Netanyahu's highly anticipated turn at the United Nations, during which he repeatedly denounced the global organization as anti-Israel, was met with jeers by some delegates who walked out, but cheers and applause from his backers.
"As long as Hezbollah chooses the path of war, Israel has no choice, and Israel has every right to remove this threat and return our citizens to their homes safe," Netanyahu told the UN General Assembly.
"We will continue degrading Hezbollah until all our objectives are met."
His remarks appeared to undermine a truce proposal unveiled by the United States and France after President Joe Biden and his French counterpart, Emmanuel Macron, met on the sidelines of the UN gathering.
The White House has said that the ceasefire call had been "coordinated" with Israel, but Netanyahu's office on Thursday said that the prime minister had not responded to the proposal.
Netanyahu also issued a blunt warning to Iran in his UN address, saying: "I have a message for the tyrants of Tehran. If you strike us, we will strike you.
"There is no place in Iran that the long arm of Israel cannot reach, and that's true of the entire Middle East," he added.
Delegates representing Lebanon, Iran, the Palestinians and others exited the room as Netanyahu took the rostrum for his speech.
"We have no interest in listening to the war criminal Netanyahu and to his lies," Majed Bamya, the Palestinian deputy ambassador to the UN, wrote on X alongside an image of his delegation's empty seats.
Netanyahu was "promising to repeat the atrocities committed in Gaza in Lebanon, (he) has nothing to do at the podium of the General Assembly," Bamya added in a subsequent post.
Netanyahu said at the start of his speech that "after I heard the lies and slanders leveled at my country by many of the speakers at this podium, I decided to come here and set the record straight."
Ahead of his appearance, protesters gathered outside Netanyahu's hotel in New York to demand an end to the violence in Gaza and Lebanon.
'Deadliest period'
Hezbollah and Israel have been locked in a deadly exchange of cross-border fire since the Iran-backed group's Palestinian ally, Hamas, attacked Israel on October 7.
Netanyahu vowed Friday that "Hamas has got to go" and would have no role in the reconstruction of Gaza as he vowed to fight until "total victory."
Since Monday, Israel has shifted its focus from Gaza to its northern front with Lebanon, where heavy bombing has killed 700 people and sparked an exodus of around 118,000 people.

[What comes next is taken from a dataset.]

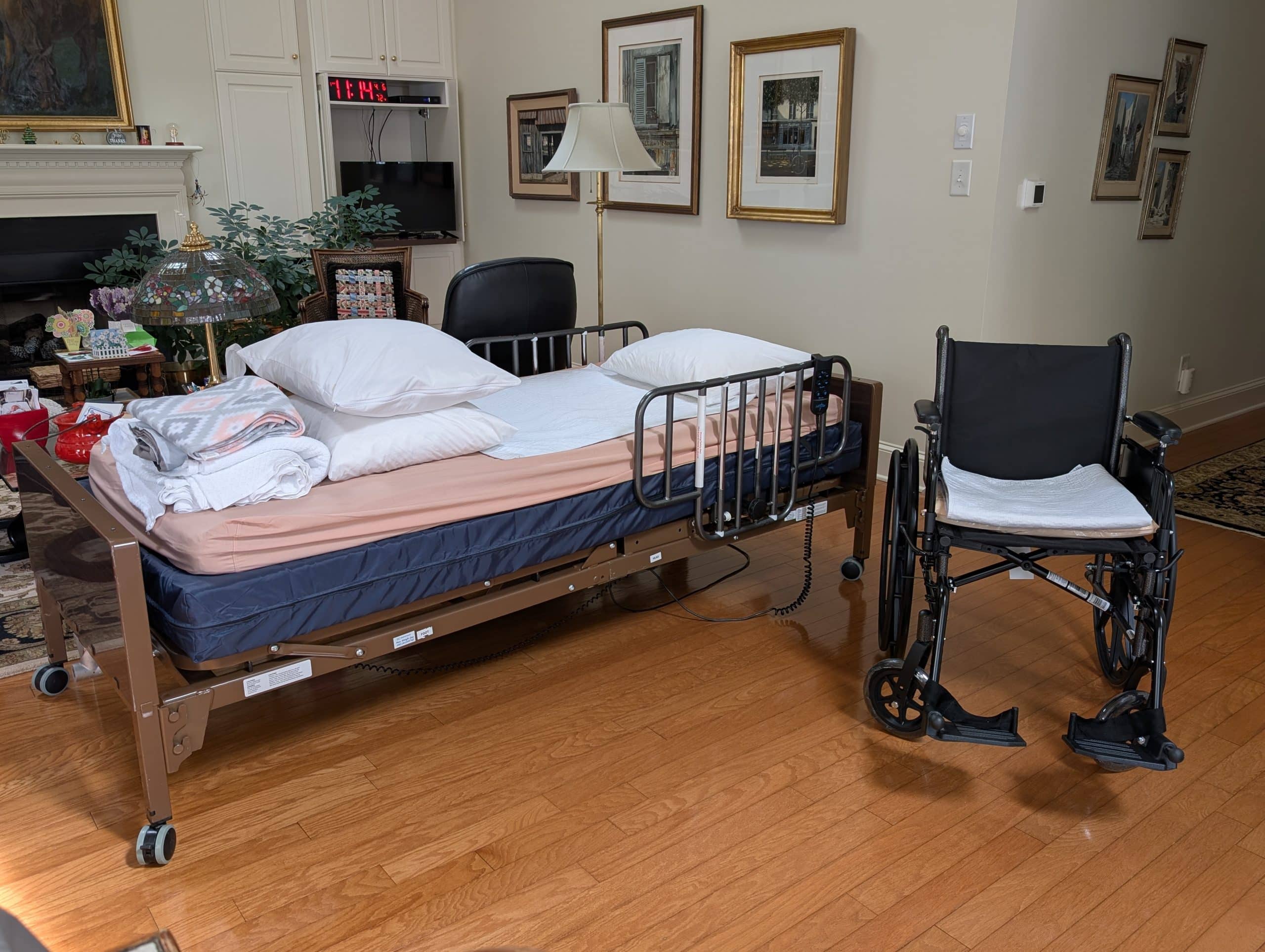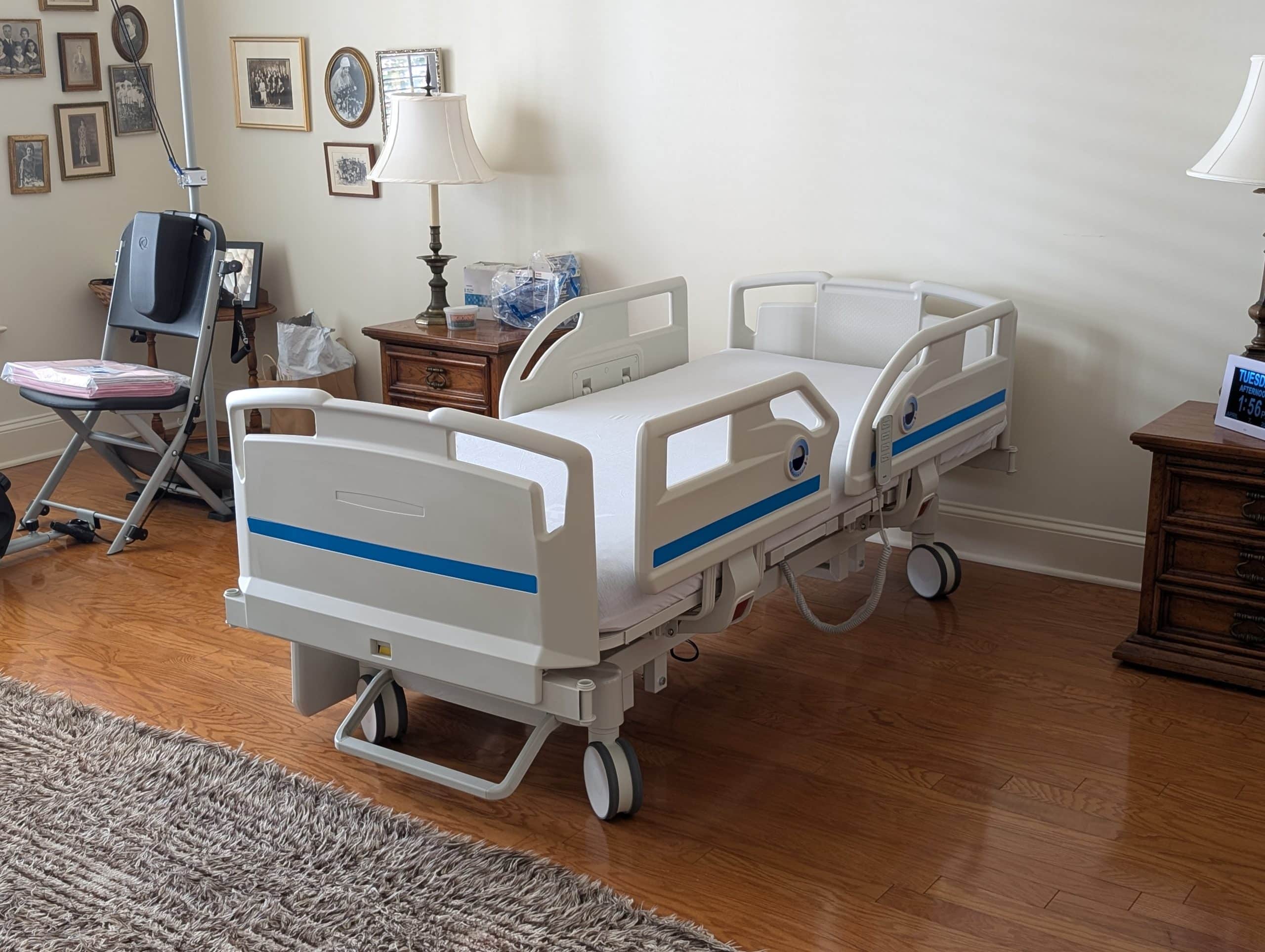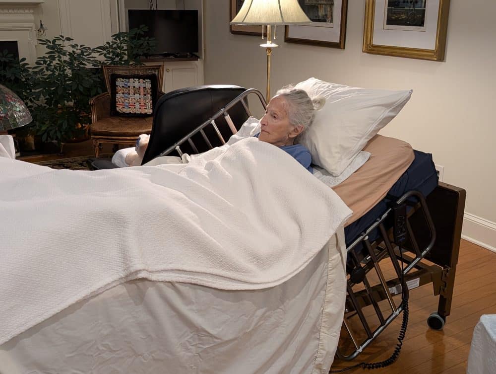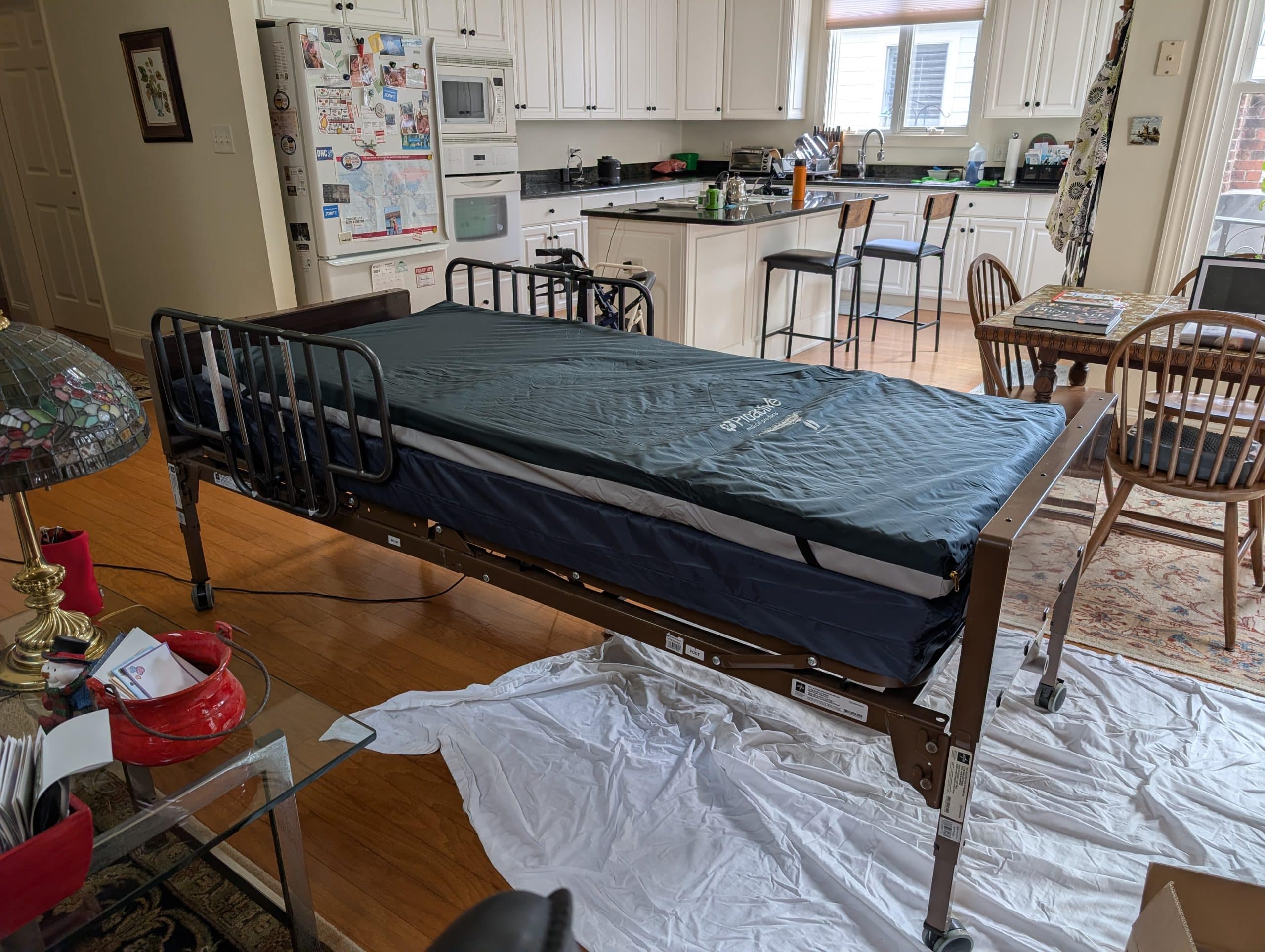 Below: Here is the bed after the initial set-up in mom’s bedroom. This is our second and final(!) medical bed. Mom did not sleep in it tonight, but should start using it tomorrow night.

The UN said Friday that a "catastrophic" intensification of Israeli attacks targeting Hezbollah militants had left Lebanon facing its "deadliest period... in a generation."
The Israeli strikes have brought the overall death toll in Lebanon to more than 1,500 people killed in nearly a year of clashes, according to Lebanese authorities.
That toll surpasses the 1,200 mostly civilians killed during the 2006 war between Israel and Hezbollah, which also killed around 160 Israelis, most of them soldiers.